Penjabat (Pj) Wali Kota Bogor, Hery Antasari, menyampaikan terima kasih dan apresiasi kepada Kementerian Kesehatan (Kemenkes) RI yang telah mempercayakan Pemkot Bogor sebagai tuan rumah kegiatan Proctorship CAPD.
Menurut Hery, kegiatan ini menjadi momentum strategis untuk meningkatkan kualitas dan pemerataan pelayanan kesehatan, khususnya di bidang uronefrologi.
“Kami sangat memperhatikan dan memprioritaskan pelayanan kesehatan dengan mengimplementasikan transformasi kesehatan enam pilar.
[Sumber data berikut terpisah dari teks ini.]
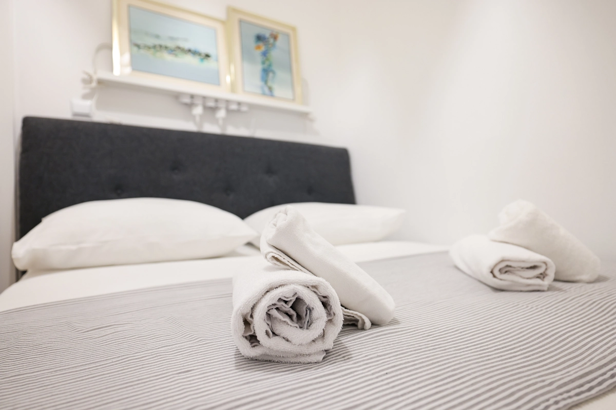 Bed linen, towels, shower gel and soap are also provided.
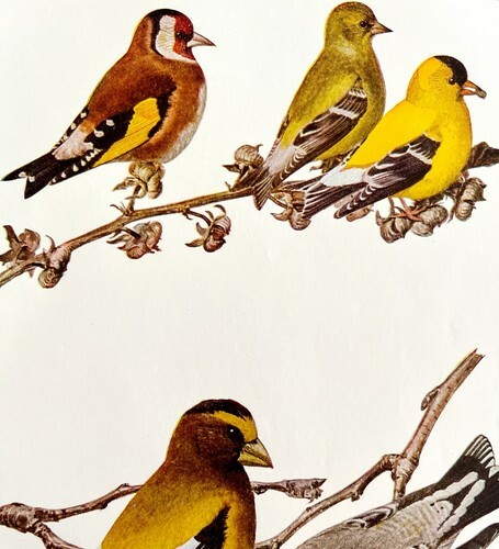 Goldfinch And Grosbeak Finch 1936 Bird Art Lithograph Color Plate Print DWU12A
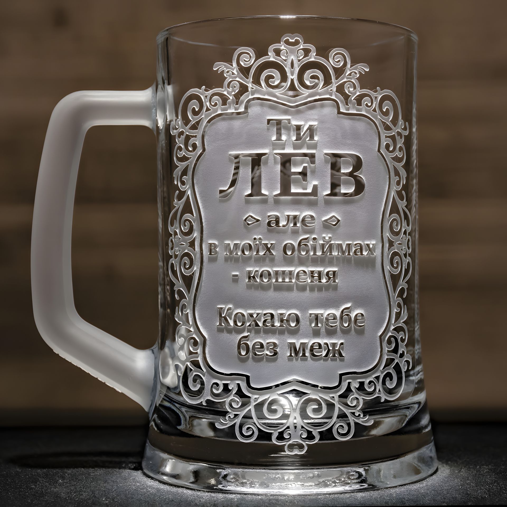 Пивний келих з гравіюванням - подарунок для коханого чоловіка "Ти Лев"

Pilar pertama adalah transformasi integrasi layanan primer, pilar kedua transformasi layanan rujukan, dan pilar ketiga transformasi sistem ketahanan kesehatan, pilar keempat transformasi sistem pembiayaan kesehatan, pilar kelima transformasi SDM kesehatan, dan pilar keenam transformasi teknologi kesehatan,” kata Hery.
Hery memaparkan bahwa 2023, gagal ginjal kronis menempati urutan kelima kasus Penyakit Tidak Menular (PTM) di Kota Bogor setelah hipertensi, diabetes melitus, jantung, dan stroke.
Dalam tiga tahun terakhir, kasus gagal ginjal kronis mengalami peningkatan. Pada 2021 tercatat sebanyak 1.141 kasus, meningkat menjadi 1.408 kasus pada 2022, dan terus naik menjadi 1.895 kasus pada 2023.